図32 ノズル回転法エレクトロスラグ溶接の機構53)
図33 ノズル回転法エレクトロスラグ溶接により得られた溶込み形状の一例53)
以上、本章では柱貫通方式の代表である溶接組立箱形断面柱の製作に関する多種の新技術を紹介したが、5章で紹介したように梁貫通方式の鋼管柱の製作が急速にロボット溶接化しているのに対し、未だ潮流となる高能率生産技術は定まっていないというのが実態である。今後もしばらく試行錯誤が続くと思われる。
7. 現地施工の溶接技術
現地では(a)溶接対象部が移動していく、(b)溶接長が比較的短い、さらに(c)足場の安定性が保ちにくいといった特性から、大きなロボットや溶接装置を適用し難い。したがって、今もほとんどが人手による半自動溶接によって施工され、自動化、高能率化は進んでいない。
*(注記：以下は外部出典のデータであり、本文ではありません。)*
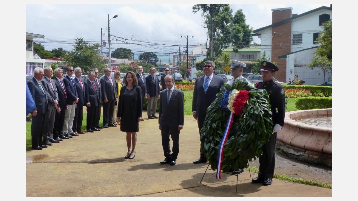 El día anterior, viernes 13 de julio, se desarrolló la ceremonia de ofrenda floral en el Parque de Francia con la presencia del Señor Embajador de Francia, personalidades políticas y una orquesta.
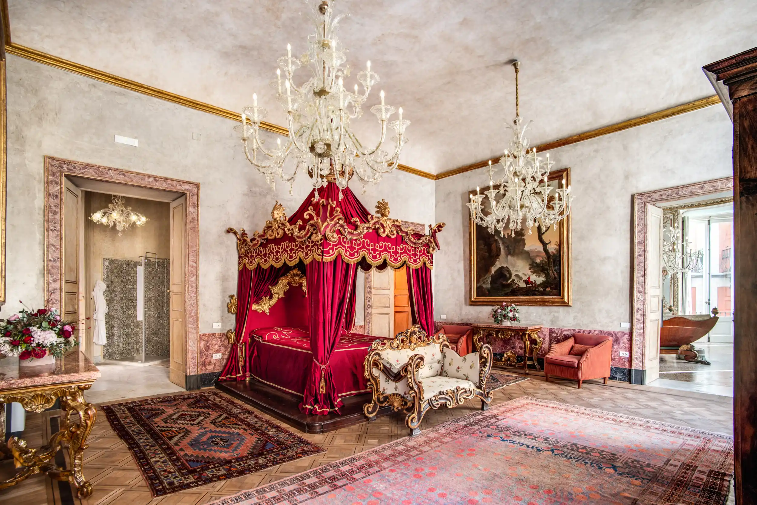 Oltre alle meravigliose camere da letto il Palazzo presenta delle incantevoli aree comuni, finemente e artisticamente arredate. In queste aree potrete rilassarvi leggendo uno dei numerosi testi di arte e architettura messi a vostra disposizione nella sala tea.
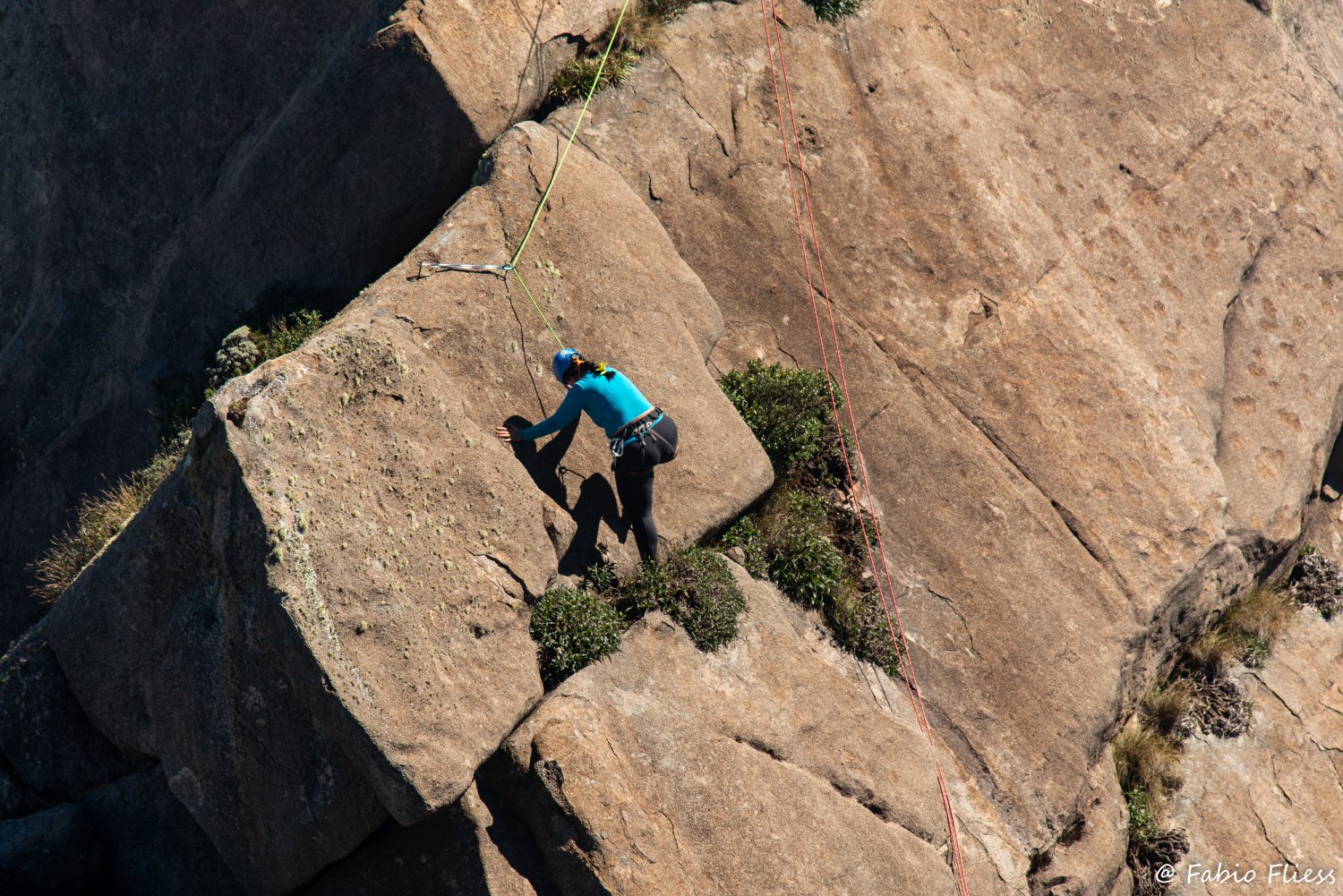 O Luiz Cláudio rapidamente iniciou a escalada, colocando estribos para facilitar a passagem pelo artificial, enquanto o restante do pessoal se preparava. Eu fiquei posicionado em um mirante um pouco acima da base, fotografando a galera escalando.
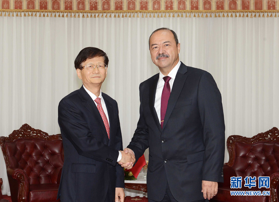 9月9日,中共中央政治局委員、中央政法委書(shū)記、中國(guó)和烏茲別克斯坦政府間合作委員會(huì)中方主席孟建柱(左)在塔什干會(huì)見(jiàn)烏總理、中烏政府間合作委員會(huì)烏方主席阿里波夫?! ⌒氯A社記者沙達(dá)提攝
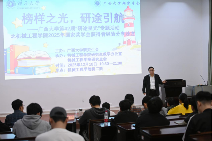 12月18日,由校研究生会主办,公司研究生会承办的william威廉中文官网第42期“研途星光”主题沙龙活动在机二阶教室举行。本次活动邀请了公司2025年研究生国家奖学金的获得者、博士研究生吴金鑫、柏代鑫、龚玉滨,分别围绕科研规划、论文写作、求职技巧及工作平衡等方面进行经验分享。公司分管研究生副经理莫帅受邀出席活动并作指导。

しかし、一部では小型・軽量の直角座標形溶接ロボットを使って、現地での自動化と溶接高品質化を狙った取組みが行われている55-59)(図34)。
図34 直角座標形溶接ロボットを用いての、
現地を想定した柱と梁フランジ接合部の上向姿勢溶接55)
8. まとめ
建築鉄骨の代表的構造および工程毎の、自動化、高能率化技術の動向を述べた。当分野の溶接技術は、日本が(a)地震国であり、(b)鉄鋼技術大国であり、(c)ロボット大国でもある奇跡的な背景によって育まれてきた、世界でも比類無きものである。 長期的展望として、高齢化と人口減少によって、溶接士の確保が益々難しくなることは間違いなく、さらなる自動化、高能率化の検討、実用化が進んでいくものと思われる。逆に、鋼管柱の進展のように、自動化しやすい構造設計の開発も望まれる。